• flared gas worth $54bn
• $100bn in upfront investment required to eliminate flaring
Nigeria, the U.S., Russia and six other countries are the world’s largest gas flaring nations, responsible for 83 percent of global gas flaring in 2025, says the World Bank Global Flaring and Methane Reduction Partnership (GFMRP) in collaboration with the Payne Institute at the Colorado School of Mines.
According to the report, the volume of gas flared in 2025 exceeded the total amount of liquefied natural gas that transited the Persian Gulf in the year under review, and was nearly equal to all of Africa’s annual gas consumption of approximately 185 billion cubic metres (bcm).
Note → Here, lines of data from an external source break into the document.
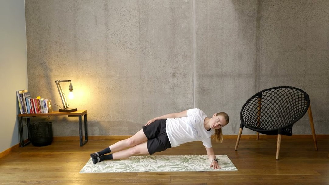 En appui sur l’avant-bras, sous l’épaule, décolle les hanches pour aligner chevilles, bassin et épaules. Garde le dos droit et le bras libre le long du corps. Maintiens la position sans relâcher la sangle abdominale, puis change de côté.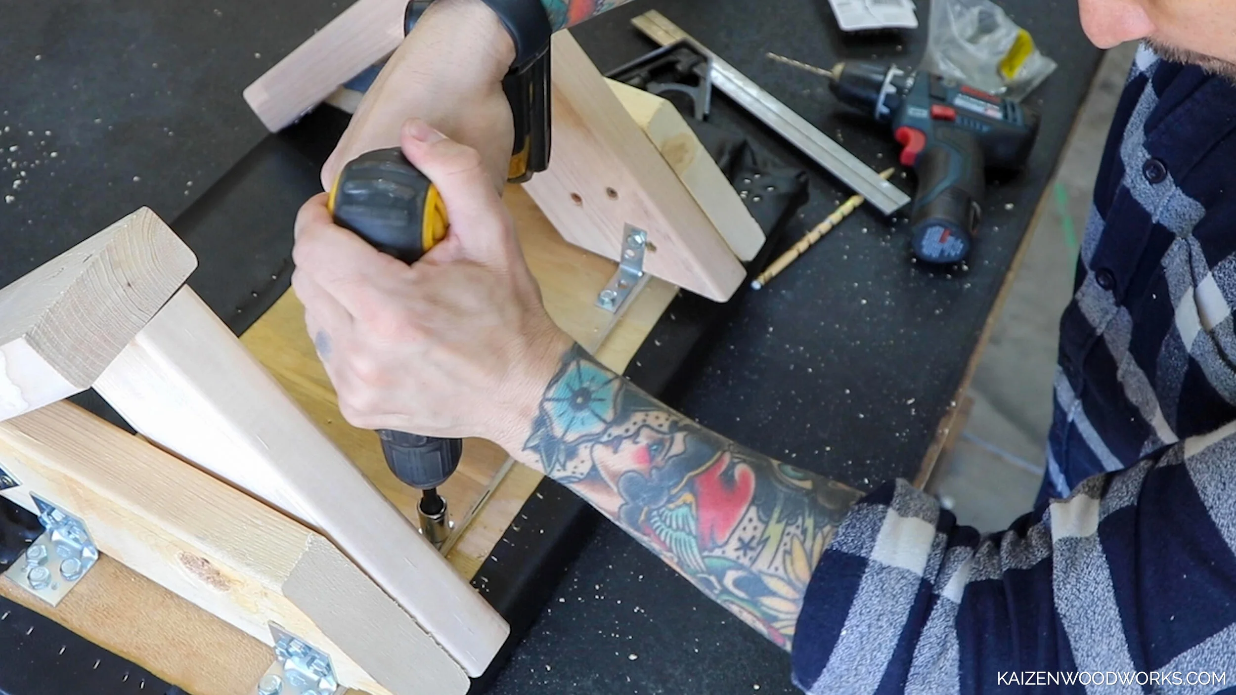 First I assemble the supports. I use mending plates and rafter ties to help secure everything together.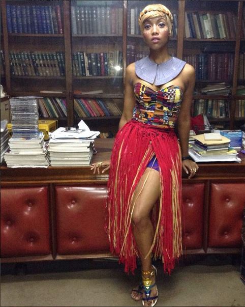 Temi Dollface dressed in an Afrobeat inspired piece for her performance. Photo: Temi Dollface/Instagram
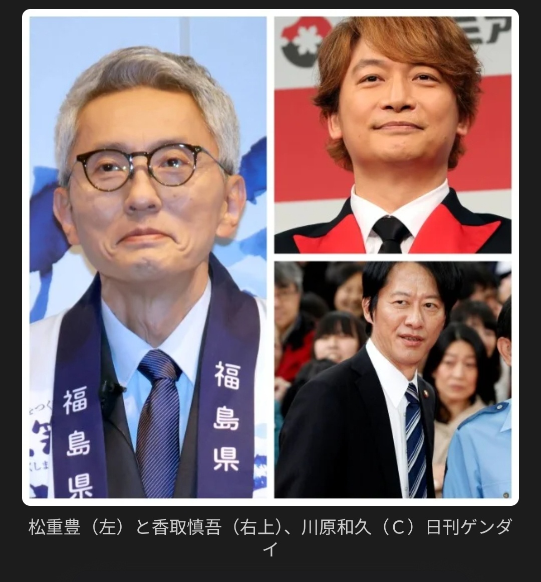 >まず、名前が挙がることが多いのは、香取慎吾さん(49)と川原和久さん(64)です。
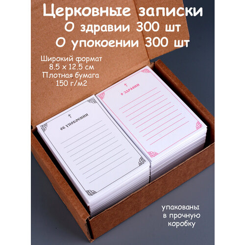 Записки церковные о здравии 300 шт + об упокоении 300 шт, плотные, широкие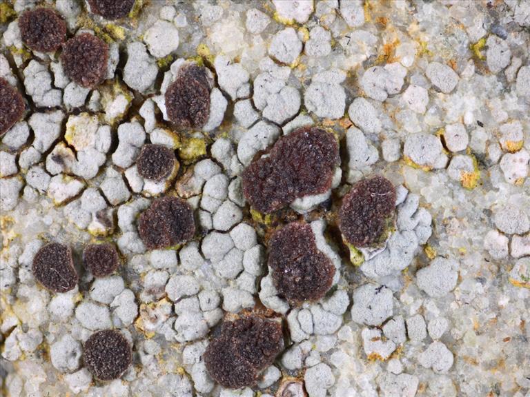 Thallus met berijpte apotheciën op oude bakstenen tuinmuur, Monster, Heijdse weg, © Hans Toetenel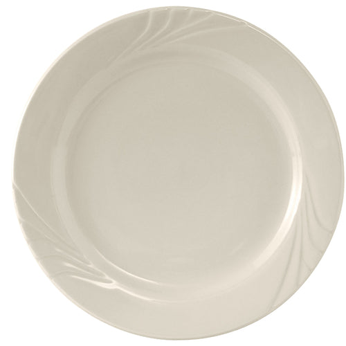 Plate, 12" dia., round, wide rim, embossed, microwave & dishwasher safe, oven proof, fully vitrified, lead-free, ceramic, TuxCare®©, Healthcare, Monterey, American White/Eggshell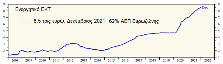 Ωστόσο, η ευρωζώνη είναι ουσιαστικά υπό καθεστώς χρεωκοπίας. Επιβιώνει γιατί χρηματοδοτείται άμεσα από το ενεργητικό της ΕΚΤ, αγοράζοντας τόσο κρατικούς τίτλους χρέους, όσο και εταιρικούς με σχεδόν μηδενικό επιτόκιο. Όπως φαίνεται στο διάγραμμα που παραθέτουμε, το ενεργητικό της ΕΚΤ έφτασε το Δεκέμβριο του 2021 στο πρωτοφανές ύψος των 8,5 τρις ευρώ, ήτοι στο 62% του ΑΕΠ της ευρωζώνης.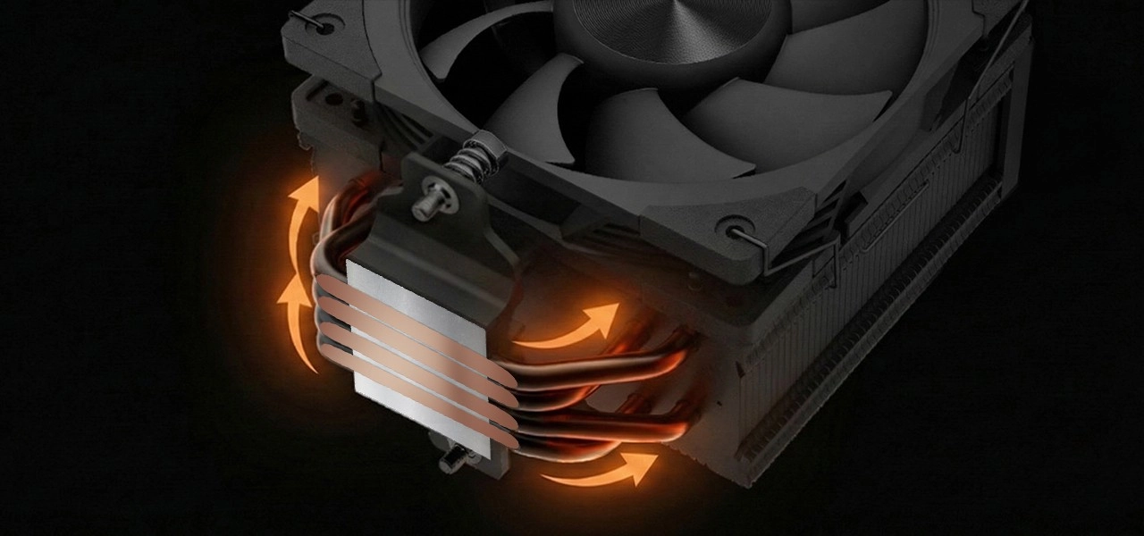 Le transfert de chaleur est assuré par 4 caloducs en cuivre, qui évacuent rapidement la chaleur du processeur vers le radiateur massif. Le ventilateur PWM 120 mm avec une plage d’environ 600–2000 tr/min permet d’ajuster performances et bruit selon les besoins. Une base finement polie assure un contact parfait avec le processeur et une efficacité maximale. La pâte thermique incluse accélère et simplifie l’installation.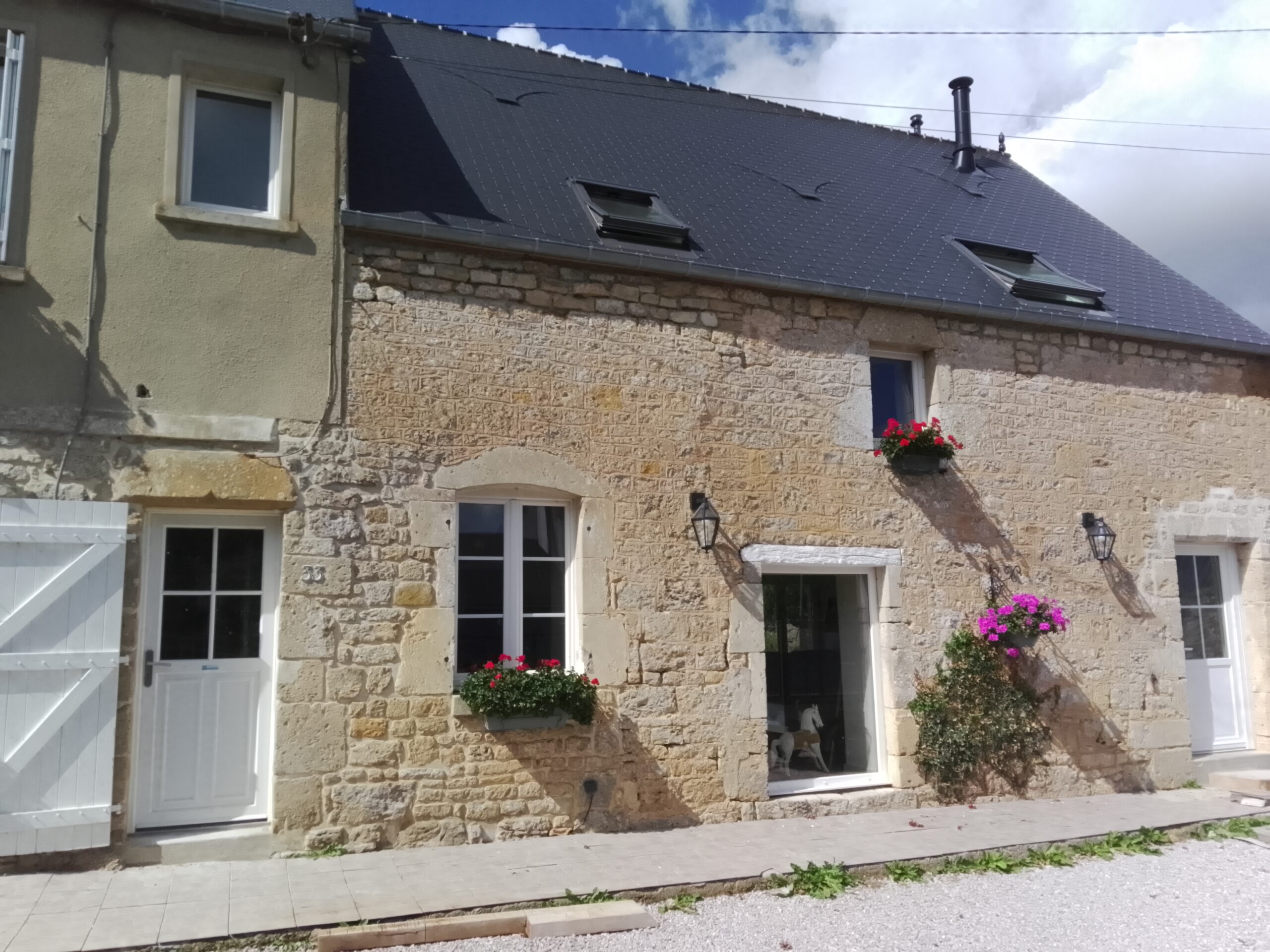 Fully renovated stone house comprising two separate dwellings and a garage, located in a hamlet near the village of Picauville and 15 minutes from the beaches.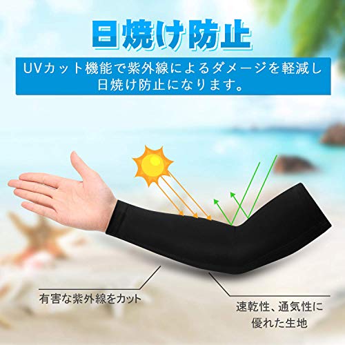 桜酔屋 アームカバー 腕カバー アームスリーブ UPF50 冷感 速乾 滑り止め スポーツ活動用 軽量 男女兼用 両腕/セット (黒い, M)

In addition, more than 60 percent of the global increase in flaring during 2025 came from just three countries — Russia, Mexico and Iran. These countries together increased flaring by about 6 billion cubic metres (bcm), nearly three times the total reductions achieved by all countries that lowered their flaring during the year. Russia remained the world’s largest flaring country, with flaring increasing by 9 percent year-on-year.
A new report released by the World Bank in June, said the 83 percent gas flared by these nine countries is more than four-fifths of global gas flaring in 2025 while producing only 46 percent of the world’s oil.
The nine largest flaring countries in descending order are Russia, Iran, Iraq, Venezuela, Mexico, Libya, Algeria, Nigeria and the United States. They were responsible for the vast majority of global flare volumes.
The report indicates that global gas flaring increased for the third consecutive year, reaching 167 billion cubic metres (bcm) in 2025, up from 157 bcm the previous year (2024).
Gas flaring happens when natural gas produced alongside crude oil is burned at production sites, instead of being captured, processed and sold or used locally. The practice wastes a valuable energy resource, and contributes largely to the greenhouse gas (GHG) emissions.
According to the 2026 Global Gas Flaring Tracker report, an estimated 429 million tonnes of carbon dioxide equivalent emissions were generated by flaring in 2025, including about 50 million tonnes from unburned methane.
The lost gas was valued at an estimated $54 billion, indicating both the economic and environmental costs of continued flaring.
To eliminate routine gas flaring worldwide, the report says it would require between $70 billion to $100 billion in upfront investment.
The World Bank says the technologies needed to capture and utilise associated gas are already commercially available. However, rather than technological limitations, the main obstacles comprise inadequate pipeline infrastructure, limited gas markets, lack of financing and weak regulatory enforcement.
Benefits of flaring reduction
What does the world gain from eliminating or drastic reduction in flaring? The World Bank says, reducing routine flaring could help countries such as Egypt, India and Iraq cut expensive gas imports, improve electricity generation and expand access to clean cooking fuels. For example, 1bcm of natural gas can generate around four billion (4bn) kilowatt-hours of electricity, enough to make a significant contribution to underserved regions.
Countries such as Nigeria, Angola, and the Republic of Congo, where large quantities of associated gas are flared despite low electricity access, could particularly benefit from improved gas utilisation.
Positive developments
Despite the global increase, some countries demonstrated that substantial reductions are achievable. The United States recorded the largest absolute decline in flaring during 2025, reducing volumes by 7 percent following the commissioning of the Matterhorn Express pipeline in the Permian Basin. Kazakhstan has reduced flaring by 87 percent since 2012 through a combination of stronger regulations, government commitment and targeted infrastructure investments.
The World Bank said these examples show that sustained policy support and investment can significantly reduce gas flaring while improving energy security, creating economic opportunities and lowering greenhouse gas emissions.